I've been talking to Ruakh about including definitions etc. of non-lemma entries, and I disagree quite strongly with what appears to be the current practice of simply stating the grammatical form of a word. If a reader doesn't know these grammatical terms, it isn't helpful for them to see something like "first-person singular pluperfect form of X" instead of an actual definition. For example, I'm going to use the word citisem, the first-person singular pluperfect form of the verb citi. Assuming that the reader does not know what "pluperfect" and "citi" mean, if the entry for citisem only includes "first-person singular pluperfect form of citi" they need to look first at citisem, to see the form, citi, to see "to read" and then pluperfect, to see that it means "pertaining to action completed before or at the same time as another," which honestly might not be the best definition. After all of this, without the definition "I had read," they still might not know what "citisem" means. Better I say to see as much as possible about the word "citisem" in its own entry than for it to be necessary to hop around wiktionary looking at definitions for other words. It might take more time to include all this information, but in the end it's more helpful for the readers. Sorry for being so wordy, but I feel strongly about this =) — [ ric | opiaterein ] — 18:25, 30 September 2007 (UTC)

The reason is that we want to avoid multiple unnecessary duplication of content. Consider that the Latin adjective albus has 3 definitions and 35 inflected forms. If we add definitions to the non-lemma pages, that's 105 additional definition lines that have to be added and maintained. Then there are the comparative and superlative forms of all Latin adjectives, which aren't included in the count above. Just for the forms of albus, that's an additional 42 forms with 3 base definitions. Now multiply all that by two, beacuse the comparative of "white" in Latin can mean whiter, but can also mean "rather white", and the superlative can mean "whitest" but can also mean "very white". It makes more sense to explain this behavior of Latin adjectives once in a single location instead of needlessly repeating it on thousands of individual entries.

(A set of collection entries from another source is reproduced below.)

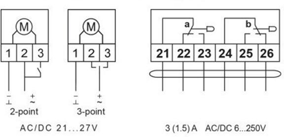 Электропривод содержит два встроенных переключателя, которые могут устанавливаться на различный угол сигнализации. Промежуточное положение определяется по механическому указателю.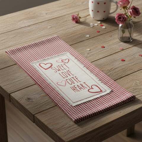 The embroidered Gingham Heart Applique Towel adds a punch of Valentine's Day color to your farmhouse or country kitchen! Red and ivory cotton gingham check featuring an appliqued and embroidered message "Sweet Love Cute Heart".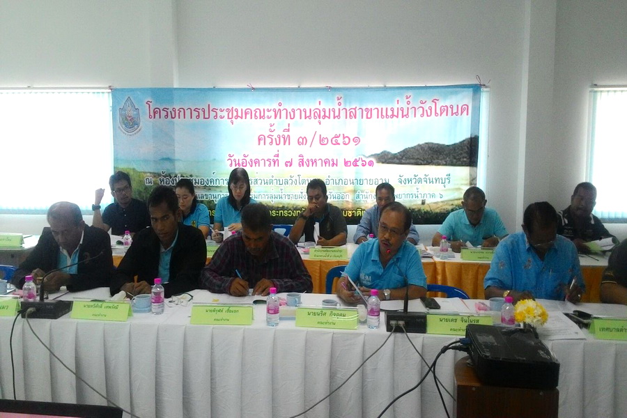 เมื่อวันอังคารที่ 7 สิงหาคม 2561 นายสมฤทธิ์ วิไลพรรัตนา ผู้อำนวยการสำนักงานทรัพยากรน้ำภาค 6 มอบหมายให้ ส่วนประสานและบริหารจัดการลุ่มน้ำชายฝั่งทะเลตะวันออก ดำเนินการจัดประชุมคณะทำงานลุ่มน้ำสาขาแม่น้ำวังโตนด ครั้งที่ 3/2561 ณ ห้องประชุมองค์การบริหารส่วนตำบลวังโตนด อำเภอนายายอาม จังหวัดจันทบุรี โดยมี ผศ.เจริญ ปิยารมย์ เป็นประธานการประชุม ผู้เข้าร่วมประชุมฯ ประกอบด้วย คณะทำงานฯ และหน่วยงานราชการที่เกี่ยวข้อง จำนวน 53 คน มีวัตถุประสงค์เพื่อรับทราบรายงานการคาดการณ์สภาพอากาศ สถานการณ์น้ำและความก้าวหน้าโครงการพัฒนาแหล่งน้ำในพื้นที่ลุ่มน้ำสาขาแม่น้ำวังโตนด และการเตรียมความพร้อมรับสถานการณ์น้ำหลาก ปี 2561 ในพื้นที่จังหวัดจันทบุรี พร้อมร่วมกันพิจารณา (ร่าง) แผนยุทธศาสตร์การบริหารจัดการทรัพยากรน้ำ และแผนปฏิบัติการทรัพยากรน้ำปีงบประมาณ 2563 และกำหนดแนวทางการบริหารจัดการทรัพยากรน้ำในพื้นที่ลุ่มน้ำสาขาแม่น้ำวังโตนด โดยในการประชุมครั้งนี้ คณะทำงานฯ และผู้เข้าร่วมประชุมได้เรียนรู้วิธีการเข้าถึงข้อมูลเรดาร์ตรวจอากาศจากโทรศัพท์มือถือ ผ่านแอปพลิเคชั่นรายงานสภาพอากาศ โดยการแนะนำของผู้อำนวยการสถานีอุตุนิยมวิทยาจันทบุรีด้วย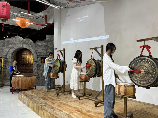 ▲同学们在学习演奏布依族铜鼓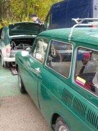 Kaikki ilmoittautuneet pääsivät vielä starttaamaankin ja lähtöön saatiinkin melkoisen kuvattu letka volkkareita eri väreissä ja malleissa. Ensimmäistä kisaansa nautiskelemaan saapunut Oskari Hannu Aki Sparren kanssa taluttivat Mikan rakentaman todella upean ruiskukoneisen kolmostyypin letkan ensimmäisenä lähtöön ja kisa oli käynnissä.
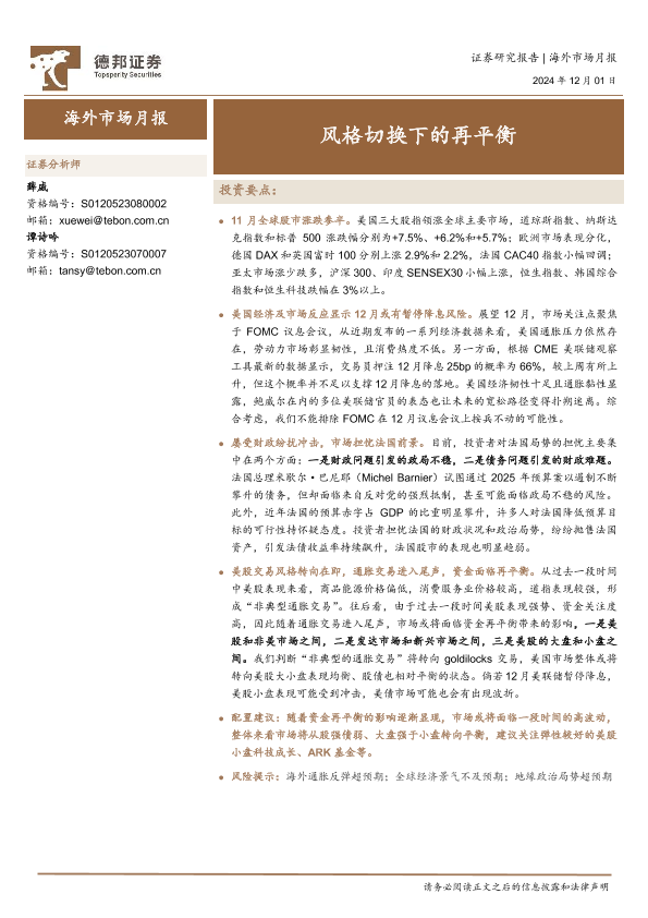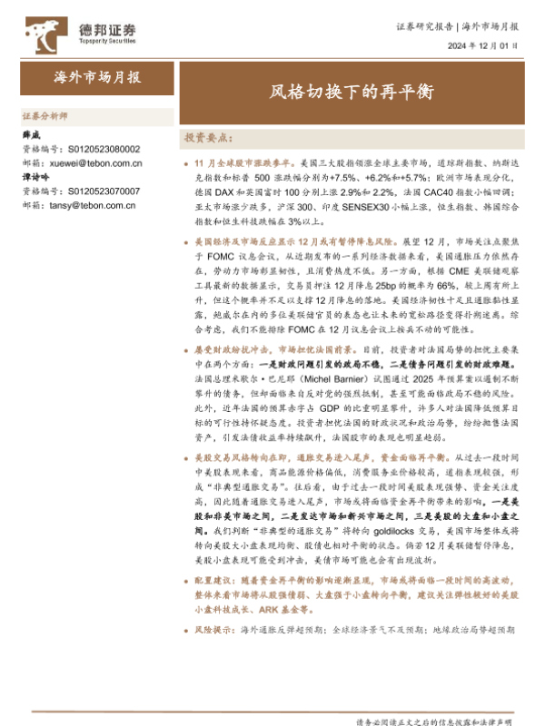【德邦证券】【20241201】海外市场月报:风格切换下的再平衡-10页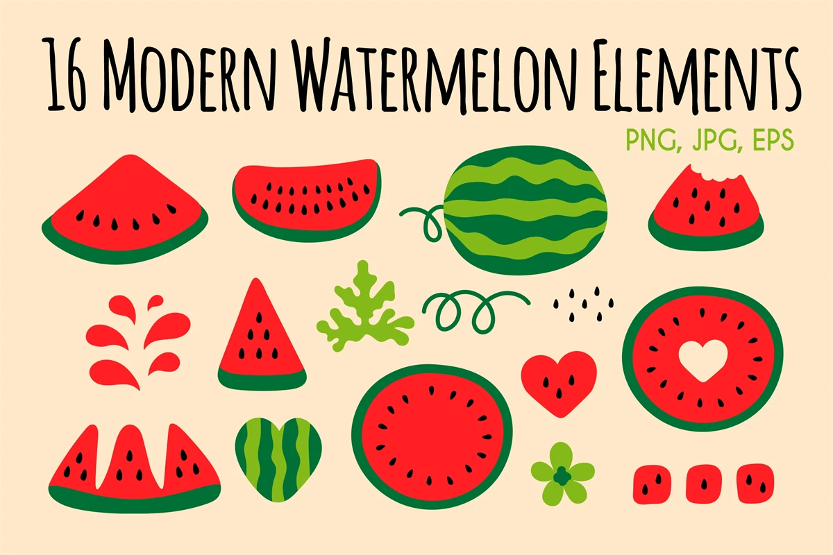 Modern Watermelon clipart with 16 creative elements: slice, piece, leaf, flower, seeds, peel, heart, juice. Trendy summer fruit bundle in minimal flat style for seasonal decoration, kids, posters, cards, social media, scrapbooking, food and drink packaging, gardening, farming, etc.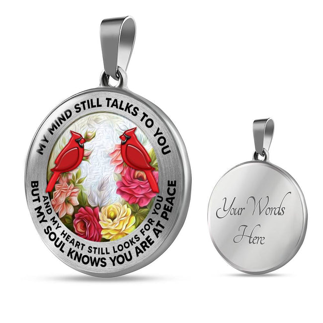 AG2208057 My Mind Still Talks To You Red Cardinals Flower Luxury Necklace with Back Engraving

Likewise, consider that the Spanish verb tener has 7 definitions and 61 additional inflected forms. That makes 427 additional definition lines. And what happens when someone adds a new definition sense to the lemma? That sense has to be added to all 71 non-lemma pages. The same happens if an edit is made. It makes much more sense to give the definitions in a single central location, and provide a grammatical appendix for interpretation. --EncycloPetey 18:51, 30 September 2007 (UTC)
In such extreme cases as tener, where a word has that many definitions to begin with, with even one example of how the word is translated and possibly a "see tener for further definitions" that wouldn't be a huge problem at all. That, or maybe only give those definitions which are actually used frequently. Appendices are useful, if you know they're there (which even I didn't for a long time). But still, I think that words in a dictionary should be defined.

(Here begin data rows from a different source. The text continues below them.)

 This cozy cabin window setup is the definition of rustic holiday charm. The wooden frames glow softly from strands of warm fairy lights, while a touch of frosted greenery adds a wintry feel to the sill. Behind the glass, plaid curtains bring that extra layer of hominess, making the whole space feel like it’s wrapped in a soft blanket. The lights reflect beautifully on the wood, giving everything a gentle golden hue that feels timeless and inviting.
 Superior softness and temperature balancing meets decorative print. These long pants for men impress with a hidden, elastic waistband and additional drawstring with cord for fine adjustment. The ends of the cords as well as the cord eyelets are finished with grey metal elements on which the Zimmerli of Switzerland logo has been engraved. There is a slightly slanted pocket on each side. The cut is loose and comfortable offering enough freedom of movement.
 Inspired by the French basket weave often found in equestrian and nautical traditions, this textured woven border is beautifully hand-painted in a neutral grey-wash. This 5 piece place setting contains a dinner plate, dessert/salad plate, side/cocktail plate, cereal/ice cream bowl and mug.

Still yet, not all languages have to be done the same way. I work mostly on Romanian entries, and being that I'm one of the few people who does so, I'm really not bothered much to go back and change things in multiple articles at once if I change something that affects multiple entries. — [ ric | opiaterein ] — 19:16, 30 September 2007 (UTC)
tener is hardly an extreme case. The example you gave—citi—has eight definitions in the Romanian entry and presumably about a hundred forms. To give non-lemma words full treatment in this dictionary, then, we would eventually need to maintain eight hundred definitions. As this dictionary becomes more complete, such maintenance concerns will become the norm, not the exception. Rod (A. Smith) 19:41, 1 October 2007 (UTC)

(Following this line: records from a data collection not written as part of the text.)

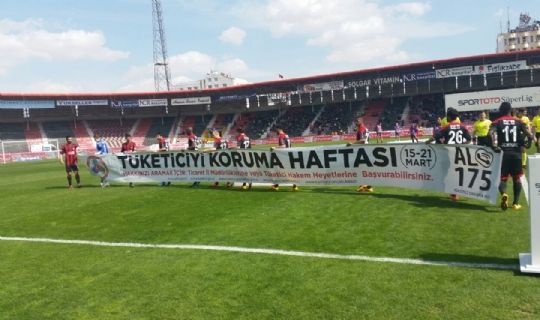 Gaziantepsporlu futbolcular da bu hafta etkinliklerine tüketiciyi bilgilendirici bir pankart ile destek verdi.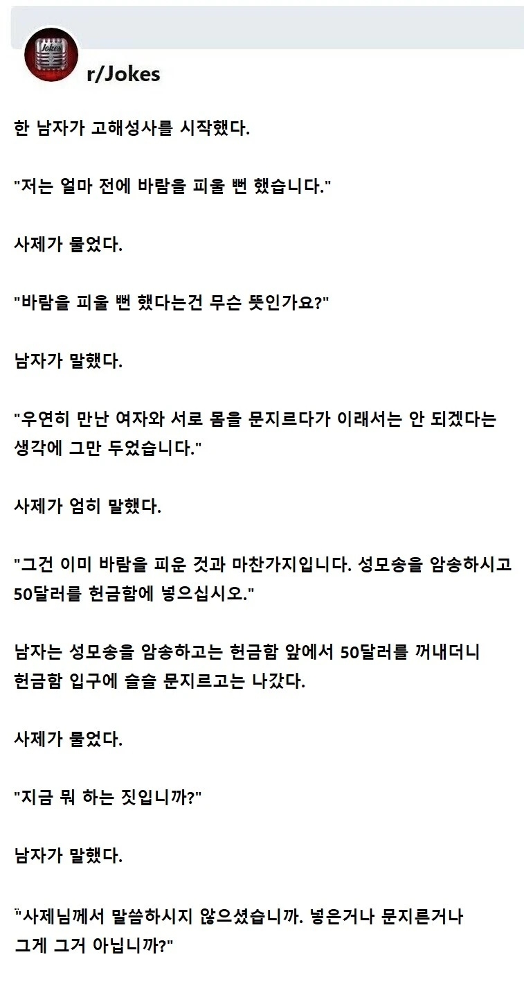 | * | 바람 피울 뻔 한 남자가 고해를 했다. [3] | 까칠한냥이 | 2025/11/05 |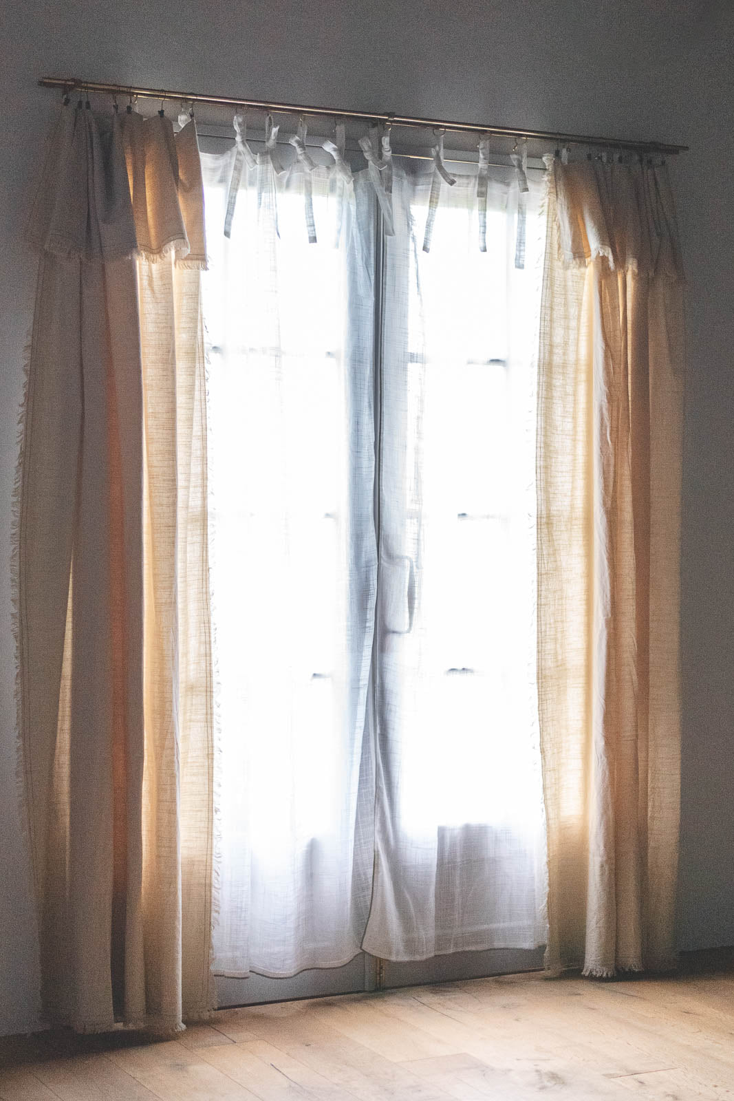 マルチクロスをゆるやかに吊るして、カーテンのようにアレンジしても。素材感をそろえることで、空間に統一感が生まれます。

One option is to have the “form of” templates include a link to an appendix that explains what the grammar terms mean. Readers could then get a usable sense of the word by reading the appendix and clicking through to the lemma. We would do readers a significant disservice if we pretend that citi has eight distinct senses but citisem can only be used in the sense “I had read”. Rod (A. Smith) 19:52, 1 October 2007 (UTC)
I'm not sure where you go the hundred forms thing from. I'm not talking about a single entry for every form with auxiliary words (am citit, am să citesc). The definitions of citi on the Romanian wiktionary mostly mean "to read," whether it be music, a book or something else. Another says "to learn" or "to study" for which Romanian has other specific words, which are named directly in the definition. "A citi" means "to read" and has numerous definitions with almost the same meaning just as the entry read for English. Looking at the translation table of citi in the Romanian wiktionary entry, you'll see one word per language, with the exception of German. — [ ric | opiaterein ] — 16:39, 2 October 2007 (UTC)
OK, so it seems Romanian has not a hundred verb forms, but merely thirty-five or so. For the eight meanings, though, it doesn't make sense to discount them just because there are other words for those concepts. If citi can mean, "to learn" or "to study", those senses belong in our entry. So that means we would merely need to maintain 280 definitions for the various forms of that word if we give non-lemma entries full treatment. Regardless the exact number, though, it seems wrong to use the number of forms and senses to decide whether to give full treatment to non-lemma forms. Doing so would seem to imply a rule along the lines of, “if a language has fewer than forty(?) inflected forms for a given word class, all the forms should be given semantic definitions, but if there are forty(?) or more forms, only the lemma should be given semantic definitions while other forms should show only the gramatical relationship with the lemma.” Rod (A. Smith) 16:30, 3 October 2007 (UTC)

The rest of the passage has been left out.